I guess the important question is: when do you make the call ?

textview.append(Html.fromHtml(textWithHtmlImgTags...

If you are calling this after onCreate then you can call the animation.start() . If it is called in onCreate() method, I would:

  • keep the list of the drawables generated in ImageGetter;
  • call start() on all of the drawables in onAttachedToWindow or onStart (not sure if they work in the onStart function)
Siyamed
  • 495
  • 2
  • 11
  • I make the call multiple times, the first call is in onCreate. After that it is called a several times more (each time when the application gets a response from a server).

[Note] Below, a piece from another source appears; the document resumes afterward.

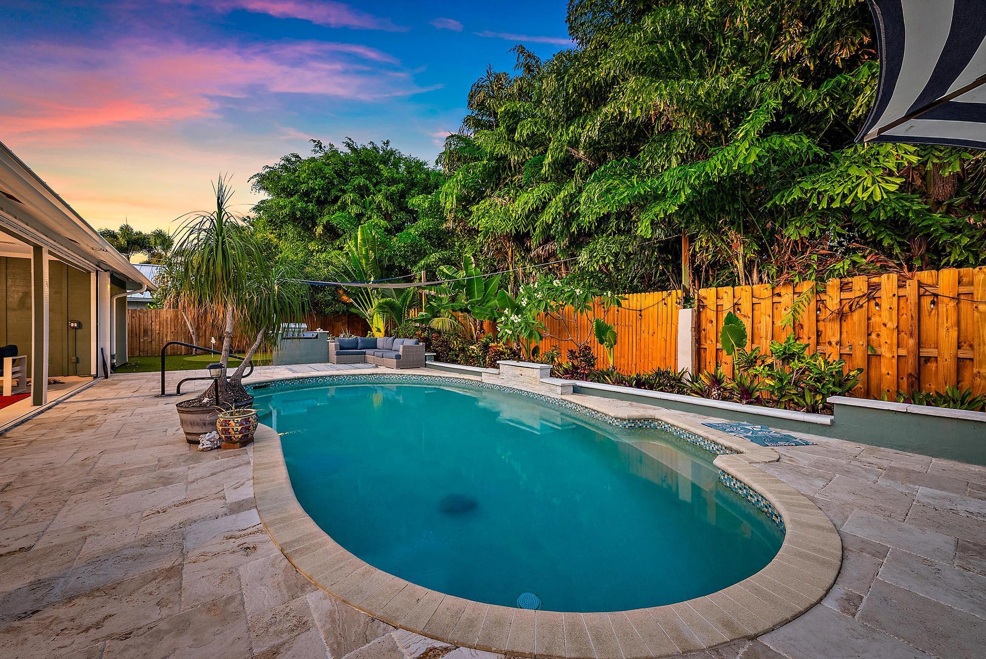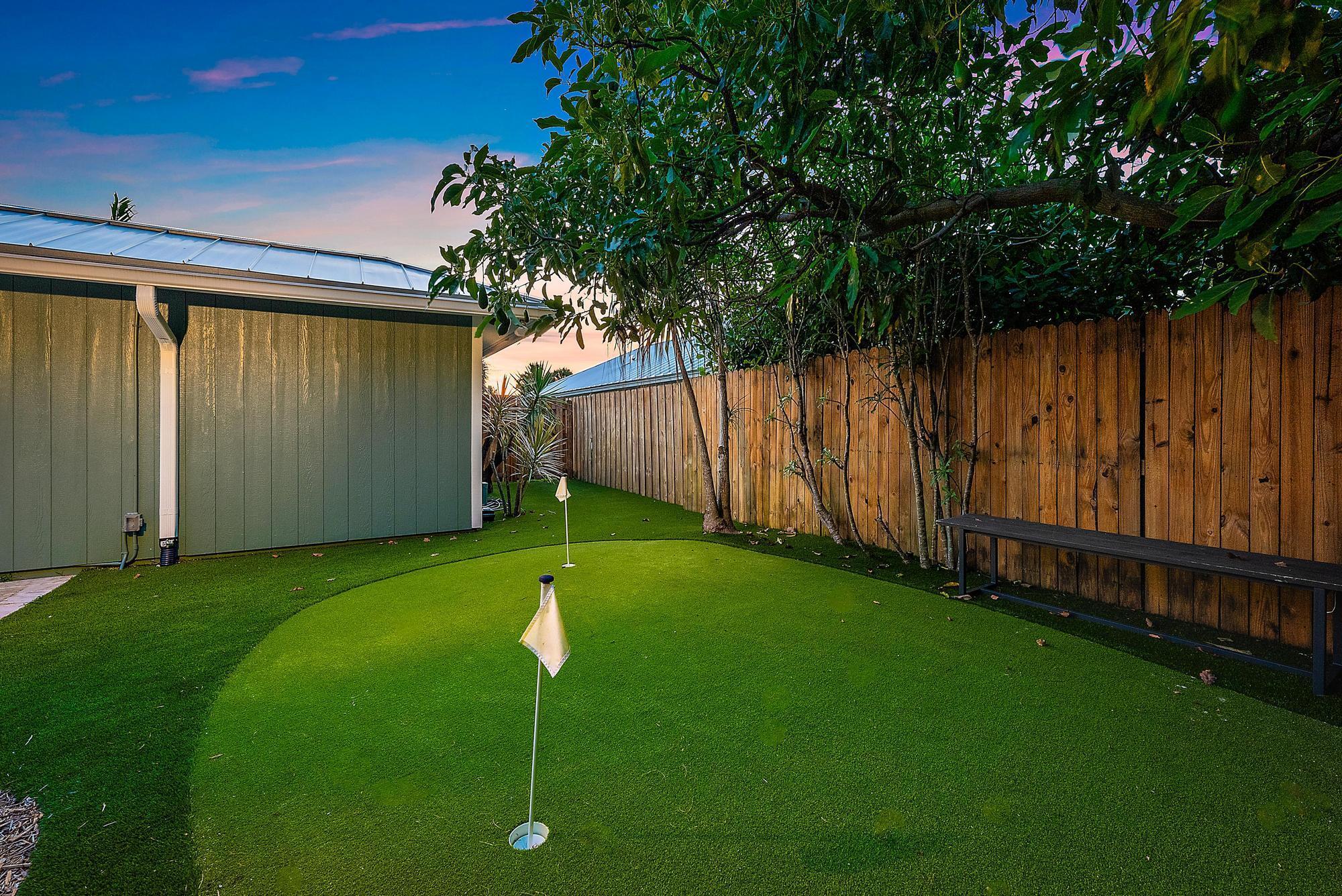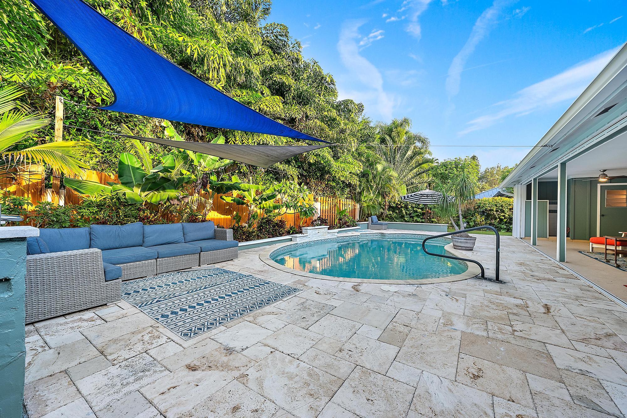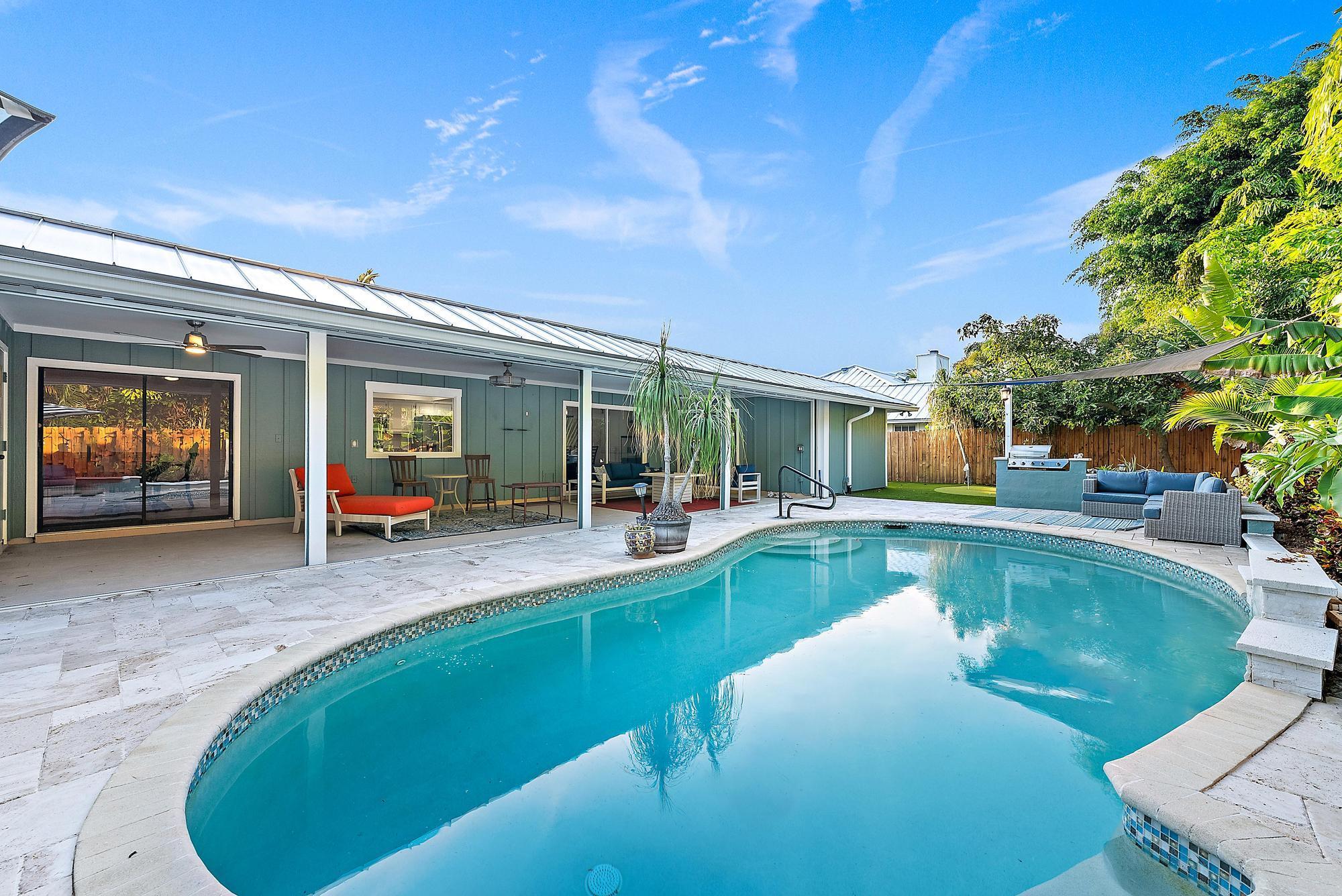 Experience luxury living in this stunning 3-bedroom, 2-bath pool home located in the highly sought-after gated community of Frenchmen's Landing. Thoughtfully designed for entertaining, this spacious home features three sets of sliding doors that open to a private backyard oasis--complete with a large covered patio, built-in grill, renovated cabana powder room, outdoor shower, and even a putting green nestled among mango, avocado, and banana trees.features include, soaring natural wood ceilings, Interior / Exterior freshly painted, a brand-new metal roof (2024), newer central A/C system (2021). Ideally located, Frenchmen's Landing is just 5 minutes to the beach and Gardens Mall, 15 minutes to Palm Beach International Airport, and minutes from shopping, dining from Jupiter to Palm Be

I tried keeping a list of all AnimationDrawables and start them onAttachedToWindow, but still they remain stuck on the first frame. – T.S. Apr 29 '12 at 19:37
1

View already implements Drawable.Callback so you only need the following TextView overrides to display AnimationDrawable objects in an ImageSpan:

//  comparing against drawables found in the spans is probably safer
@Override
protected boolean verifyDrawable(Drawable who) {
    return (super.verifyDrawable(who) || who instanceof AnimationDrawable);
}

//  again comparing against drawables found in the spans is probably safer
@Override
public void invalidateDrawable(Drawable drawable) {
    if (drawable instanceof AnimationDrawable) {
        onLayout(true, getLeft(), getTop(), getRight(), getBottom());
        invalidate();
        return;
    }
    super.invalidateDrawable(drawable);
}

Overriding verifyDrawable is necessary so that the super class implementations of Drawable.Callback will accept unexpected Drawable objects and handle scheduling.

Calling onLayout forces the TextView to invalidate its cached display list otherwise the updated frames aren't drawn.

I also found that for some reason if I created the ImageSpan referring to the animation resource id the resource wasn't cached and seemed to be reloaded every time ImageSpan.getDrawable() was called. By loading the resource, setting its bounds, and passing it to the ImageSpan constructor I avoided that problem.

use onAttachedToWindow/onDetachedFromWindow as otherwise suggested.